** Opening Provided data block **

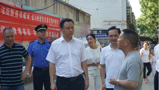 岳阳广电全媒体讯(岳阳楼区融媒体中心 宋俍 沈纲)7月15日下午,岳阳楼区区委副书记、区长白再兴实地督办菜市场提质改造和马路市场整治工作,相关单位负责人参加。
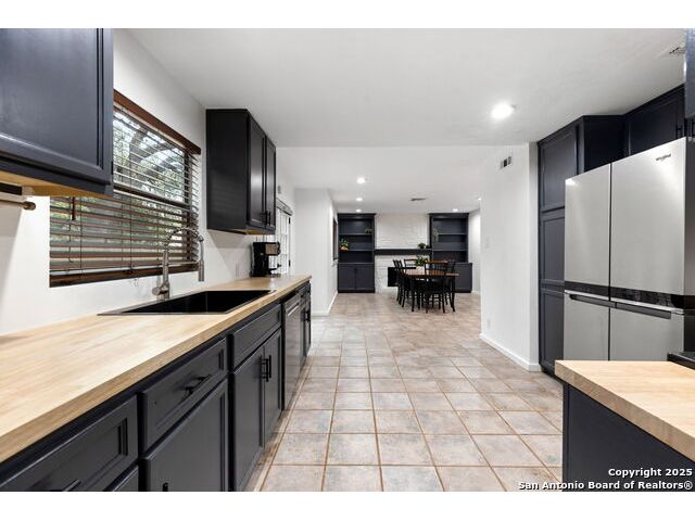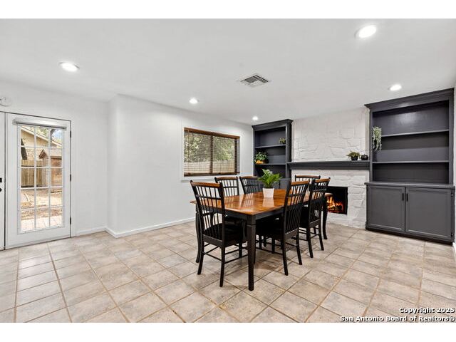 Welcome to 5602 Timber Peak - a beautifully updated, move-in ready home that blends modern finishes with thoughtful upgrades, offering outstanding comfort and value throughout. Step inside to discover gleaming new flooring throughout the entire second floor and a natural-wood switchback staircase with thick modern treads and sleek black-iron balusters. The living spaces are bright and inviting, with dimmable recessed lighting and an airy sense of flow. The heart of the home - the kitchen - has been completely refreshed, featuring stainless-steel appliances (Whirlpool dishwasher and four-door refrigerator from 2022, and GE range from 2021), a stunning sealed butcher-block countertop, a modern stainless-steel sink with commercial-style faucet, and freshly painted cabinetry, all ready to accommodate your culinary ambitions. Adjacent to the kitchen, the dining room impresses with a white-stone fireplace flanked by built-ins, and double French doors with window grids and blackout blinds leading to the backyard - perfect for indoor-outdoor entertaining or serene weekend mornings. Upstairs, the primary suite feels like a private retreat. You'll enjoy a spa-style walk-in shower with cedar accents and a multi-head rain system (ceiling waterfall + wall-mount showerhead), a floating double-sink vanity under tall ceilings with sconce lighting, and sleek, waterproof slate-style LVP flooring in the shower and vanity areas. The oversized walk-in closet is fully built out for organization, and the bedroom itself features a 12-foot peaked ceiling with a faux wood beam, built-in window bench, and a whisper-quiet six-speed ceiling fan with adjustable lighting and temperature controls. Practical upgrades abound too: efficient energy-saving SunTex 80 window screens, a 2020 Rheem 40-gallon natural-gas water heater, a Nest thermostat connected to a 2013 central HVAC system (heat, cool, fan), plus fresh exterior paint and a limewashed stone veneer for curb appeal. Outside, a mature willow oak shelters a spacious backyard with a brick patio and large covered storage shed - an ideal backdrop for relaxing evenings or weekend gatherings. The garage is beautifully finished, with drywall, six recessed light fixtures, and exterior sconce lighting by the doors. If you're seeking a home that combines refined design, turnkey comfort, and thoughtful upgrades - all within a warm, inviting atmosphere - 5602 Timber Peak is a rare find.
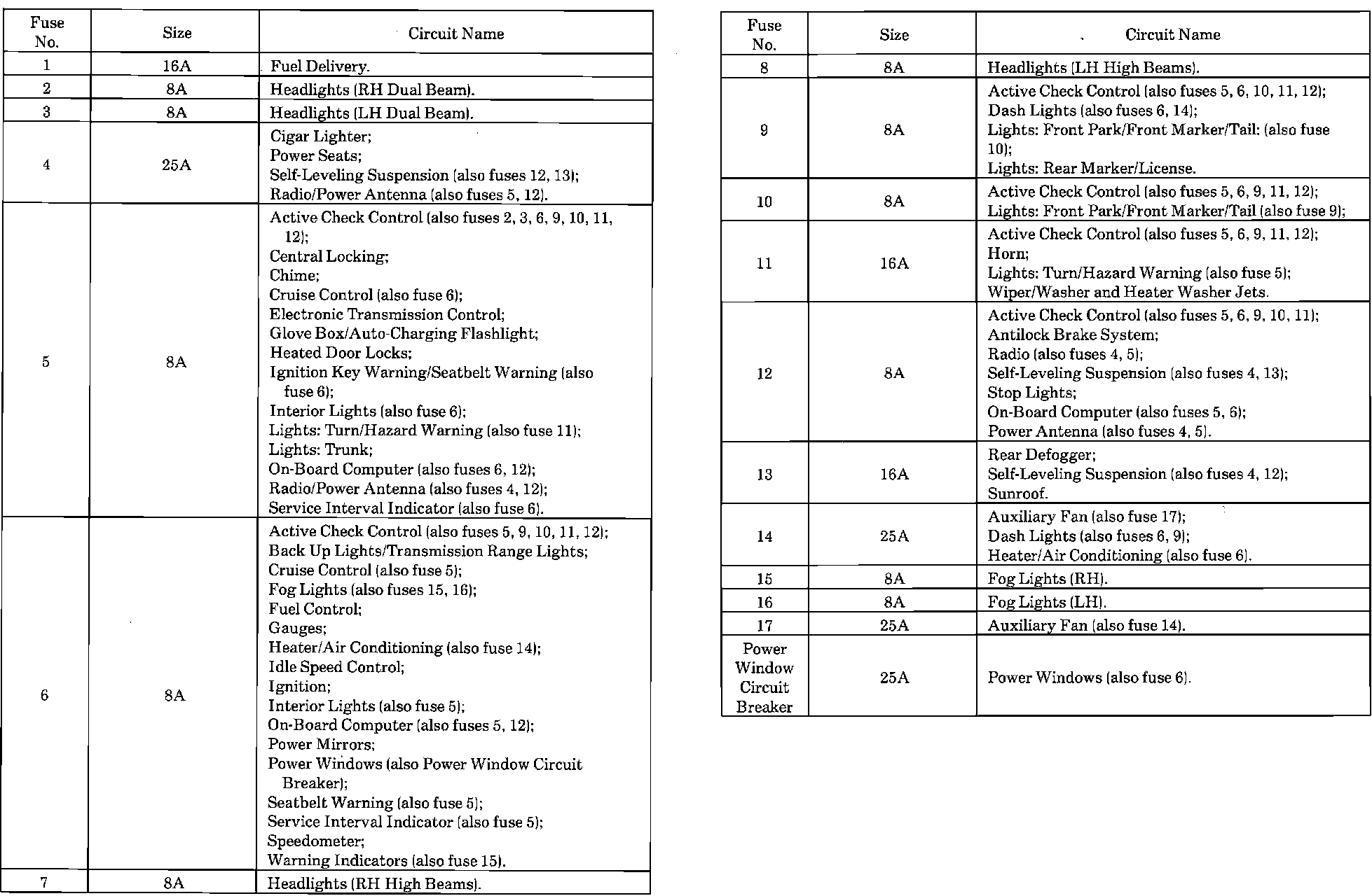 Fuse And Relay Positions In Distribution Box:
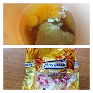 Яйца, ванилин и сахар 1 стакан, взбить.
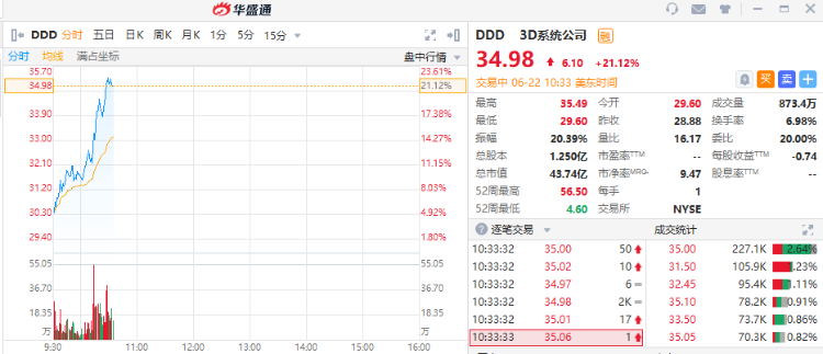 美股异动 | 3D系统涨幅扩大至22%,公司和以色列再生医学公司合作
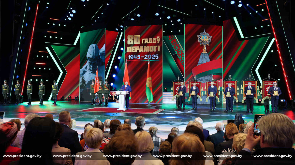 Президент Беларуси Александр Лукашенко в преддверии Дня Победы вчера в Минске во Дворце Республики принял участие в торжественном собрании, посвященном 80-летию Победы в ВОВ
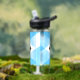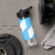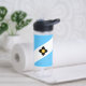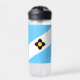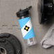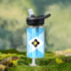 Water Bottle with flag of city of Madison, Wisconsin; light blue and white flag with a black cross and yellow circle in the centre
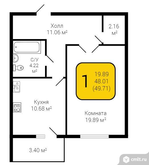 1-комнатная квартира | 6/16 эт. | 49.00 м2 | #388218

** Closing Provided data block **

* _Work instructions_: With images omitted, output the data exactly as given.

* _Output below_:
 岳阳广电全媒体讯(岳阳楼区融媒体中心 宋俍 沈纲)7月15日下午,岳阳楼区区委副书记、区长白再兴实地督办菜市场提质改造和马路市场整治工作,相关单位负责人参加。
 Welcome to 5602 Timber Peak - a beautifully updated, move-in ready home that blends modern finishes with thoughtful upgrades, offering outstanding comfort and value throughout. Step inside to discover gleaming new flooring throughout the entire second floor and a natural-wood switchback staircase with thick modern treads and sleek black-iron balusters. The living spaces are bright and inviting, with dimmable recessed lighting and an airy sense of flow. The heart of the home - the kitchen - has been completely refreshed, featuring stainless-steel appliances (Whirlpool dishwasher and four-door refrigerator from 2022, and GE range from 2021), a stunning sealed butcher-block countertop, a modern stainless-steel sink with commercial-style faucet, and freshly painted cabinetry, all ready to accommodate your culinary ambitions. Adjacent to the kitchen, the dining room impresses with a white-stone fireplace flanked by built-ins, and double French doors with window grids and blackout blinds leading to the backyard - perfect for indoor-outdoor entertaining or serene weekend mornings. Upstairs, the primary suite feels like a private retreat. You'll enjoy a spa-style walk-in shower with cedar accents and a multi-head rain system (ceiling waterfall + wall-mount showerhead), a floating double-sink vanity under tall ceilings with sconce lighting, and sleek, waterproof slate-style LVP flooring in the shower and vanity areas. The oversized walk-in closet is fully built out for organization, and the bedroom itself features a 12-foot peaked ceiling with a faux wood beam, built-in window bench, and a whisper-quiet six-speed ceiling fan with adjustable lighting and temperature controls. Practical upgrades abound too: efficient energy-saving SunTex 80 window screens, a 2020 Rheem 40-gallon natural-gas water heater, a Nest thermostat connected to a 2013 central HVAC system (heat, cool, fan), plus fresh exterior paint and a limewashed stone veneer for curb appeal. Outside, a mature willow oak shelters a spacious backyard with a brick patio and large covered storage shed - an ideal backdrop for relaxing evenings or weekend gatherings. The garage is beautifully finished, with drywall, six recessed light fixtures, and exterior sconce lighting by the doors. If you're seeking a home that combines refined design, turnkey comfort, and thoughtful upgrades - all within a warm, inviting atmosphere - 5602 Timber Peak is a rare find.
 Fuse And Relay Positions In Distribution Box:
 Яйца, ванилин и сахар 1 стакан, взбить.
 美股异动 | 3D系统涨幅扩大至22%,公司和以色列再生医学公司合作
 Президент Беларуси Александр Лукашенко в преддверии Дня Победы вчера в Минске во Дворце Республики принял участие в торжественном собрании, посвященном 80-летию Победы в ВОВ
 Water Bottle with flag of city of Madison, Wisconsin; light blue and white flag with a black cross and yellow circle in the centre
 1-комнатная квартира | 6/16 эт. | 49.00 м2 | #388218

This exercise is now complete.